AIM OF THE TASK. In the answer, each line must appear exactly as in the records, and no picture may appear.

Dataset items
######

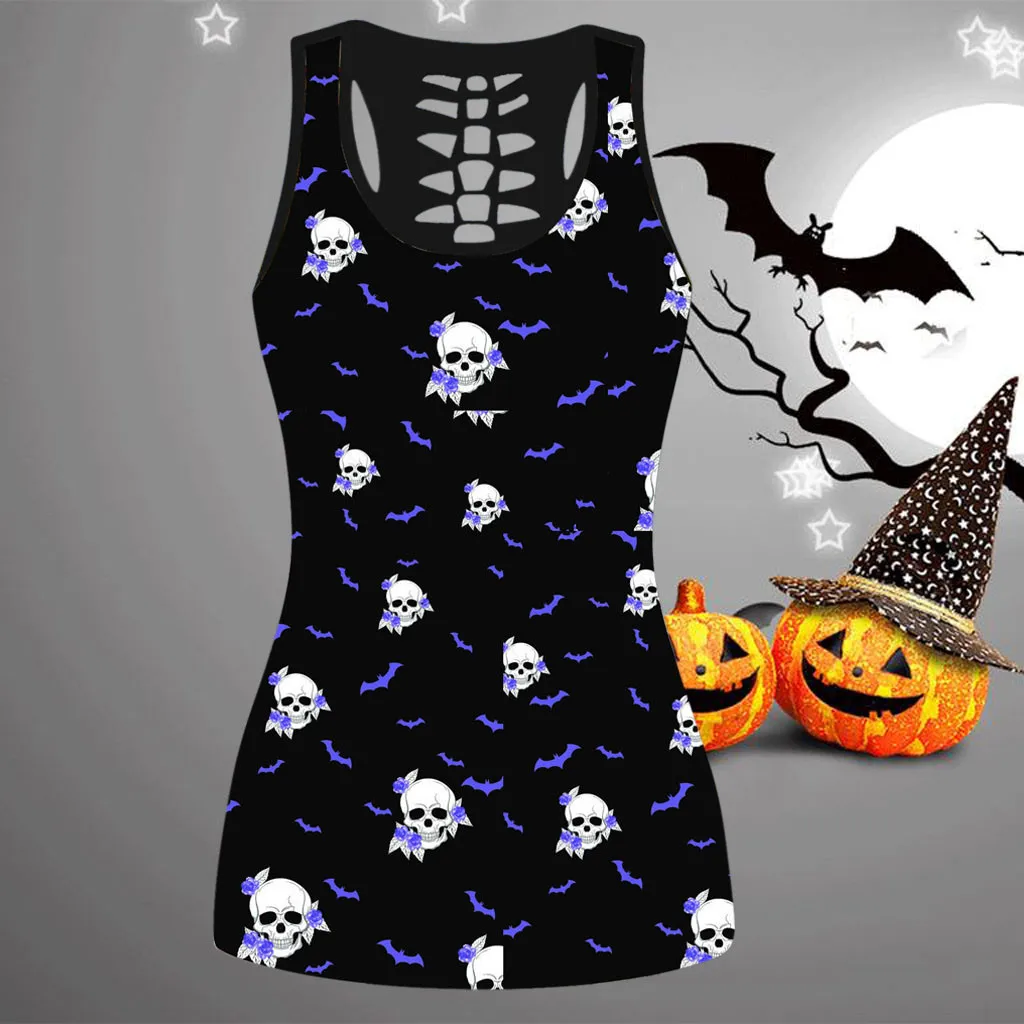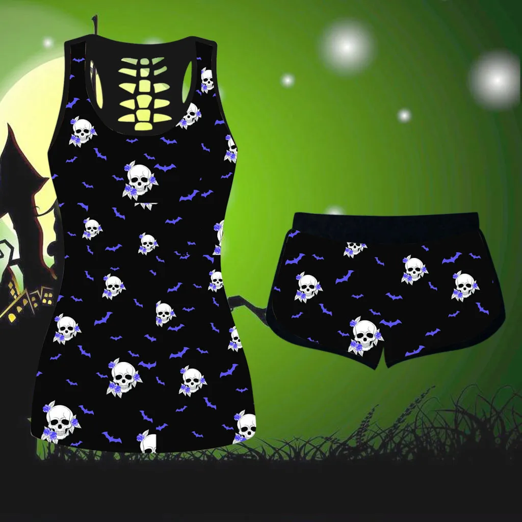 Женский Хэллоуин Принт без рукавов рубашки шорты набор
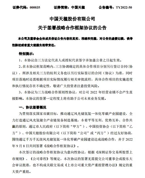 中国天楹:拟600亿元投建风光储氢氨一体化零碳产业园
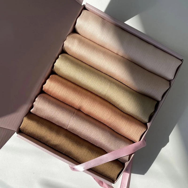 Роскошный хиджаб в подарочной коробке, сатиновые шелковые хиджабы, ...
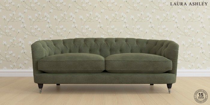 7.0.3 Buy Hathersage by Laura Ashley 3 Seater Sofa Edwin Chenille Hedgerow Green Low Chrome Castor - Black from the Next UK online shop Click here to use our accessible website
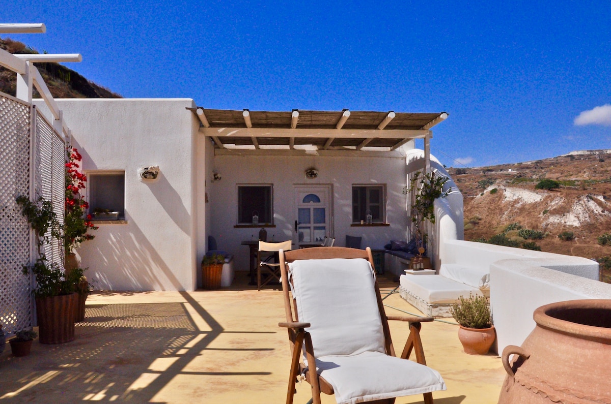 A cozy studio in the grounds of a family home on the outskirts of the traditional village of Emporio. Ideal for solo travelers & couples. Perissa & Perivolos black sandy beaches are 5 min drive away or 20 min walk. Fully furnished apartment with private parking. The property is fully solar powered. Relax around the heated pool within our home. Guests are welcome in all outside areas of the property.
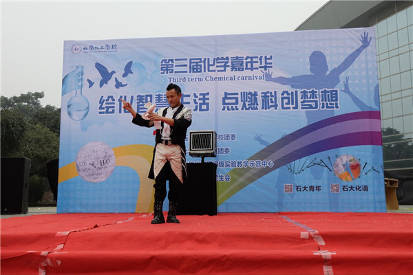 在同學(xué)們參與趣味化學(xué)實(shí)驗(yàn)的同時(shí),現(xiàn)場(chǎng)還進(jìn)行了魔術(shù)表演、小人舞等娛樂節(jié)目,更有化工好聲音傾情獻(xiàn)唱,活躍氣氛。同時(shí),此次閉幕式還通過微信平臺(tái)抽取在場(chǎng)幸運(yùn)學(xué)生并送出精美禮品。
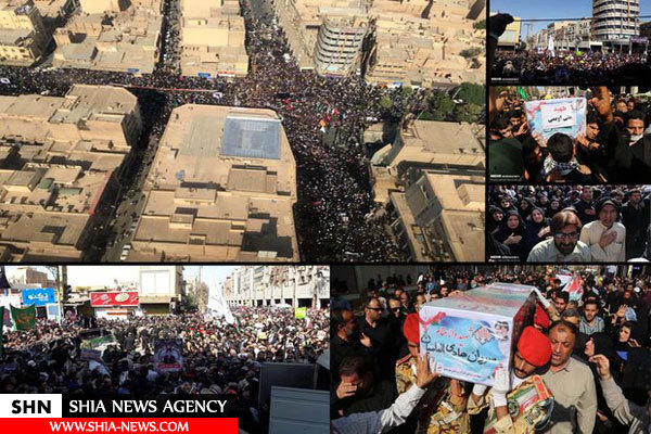 مراسم تشییع پیکر شهدای حادثه تروریستی اهواز امروز از مقابل حسینیه ثارالله اهواز به سمت چهار راه زند تا گلزار شهدای بهشت آباد برگزار شد.
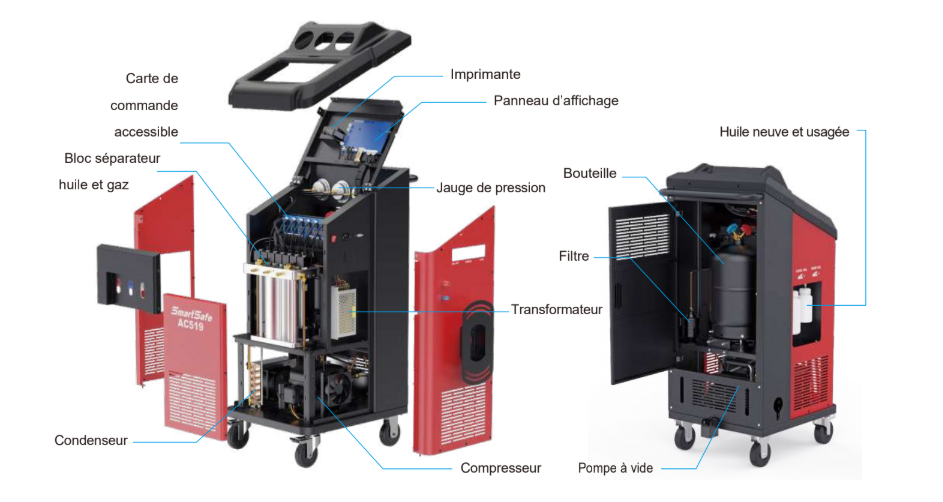 Fonctionnalités de la station de climatisation R134a – AC 519
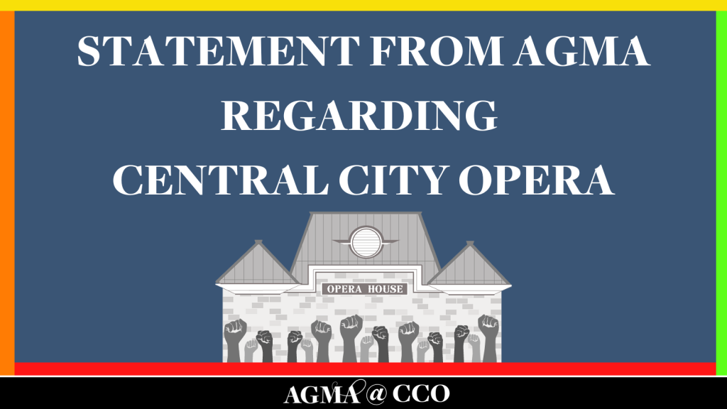 As for AGMA, we are still ready to bargain in good faith, as we have done at every step of this process, and we’re proceeding with arbitration for the artists still owed more than $12,000. Central City Opera: pay your artists, stop union busting, bargain a fair contract, and create a safe and equitable workplace.
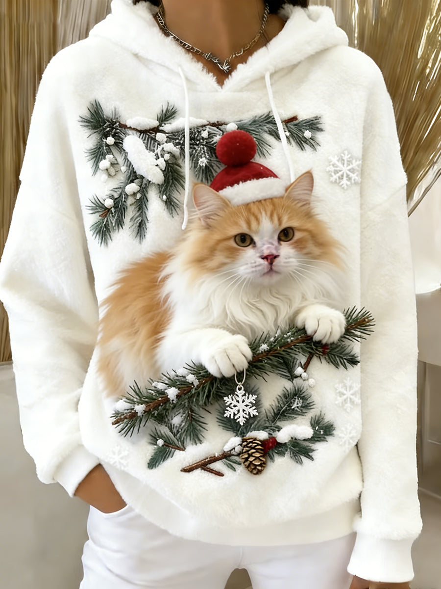 Women's Retro Animal Art Print Comfortable Flannel Hooded Sweatshirt

######

ANSWER SPACE.
 Женский Хэллоуин Принт без рукавов рубашки шорты набор
 中国天楹:拟600亿元投建风光储氢氨一体化零碳产业园
 Роскошный хиджаб в подарочной коробке, сатиновые шелковые хиджабы, ...
 7.0.3 Buy Hathersage by Laura Ashley 3 Seater Sofa Edwin Chenille Hedgerow Green Low Chrome Castor - Black from the Next UK online shop Click here to use our accessible website
 A cozy studio in the grounds of a family home on the outskirts of the traditional village of Emporio. Ideal for solo travelers & couples. Perissa & Perivolos black sandy beaches are 5 min drive away or 20 min walk. Fully furnished apartment with private parking. The property is fully solar powered. Relax around the heated pool within our home. Guests are welcome in all outside areas of the property.
 在同學(xué)們參與趣味化學(xué)實(shí)驗(yàn)的同時(shí),現(xiàn)場(chǎng)還進(jìn)行了魔術(shù)表演、小人舞等娛樂節(jié)目,更有化工好聲音傾情獻(xiàn)唱,活躍氣氛。同時(shí),此次閉幕式還通過微信平臺(tái)抽取在場(chǎng)幸運(yùn)學(xué)生并送出精美禮品。
 مراسم تشییع پیکر شهدای حادثه تروریستی اهواز امروز از مقابل حسینیه ثارالله اهواز به سمت چهار راه زند تا گلزار شهدای بهشت آباد برگزار شد.
 Fonctionnalités de la station de climatisation R134a – AC 519
 As for AGMA, we are still ready to bargain in good faith, as we have done at every step of this process, and we’re proceeding with arbitration for the artists still owed more than $12,000. Central City Opera: pay your artists, stop union busting, bargain a fair contract, and create a safe and equitable workplace.
 Women's Retro Animal Art Print Comfortable Flannel Hooded Sweatshirt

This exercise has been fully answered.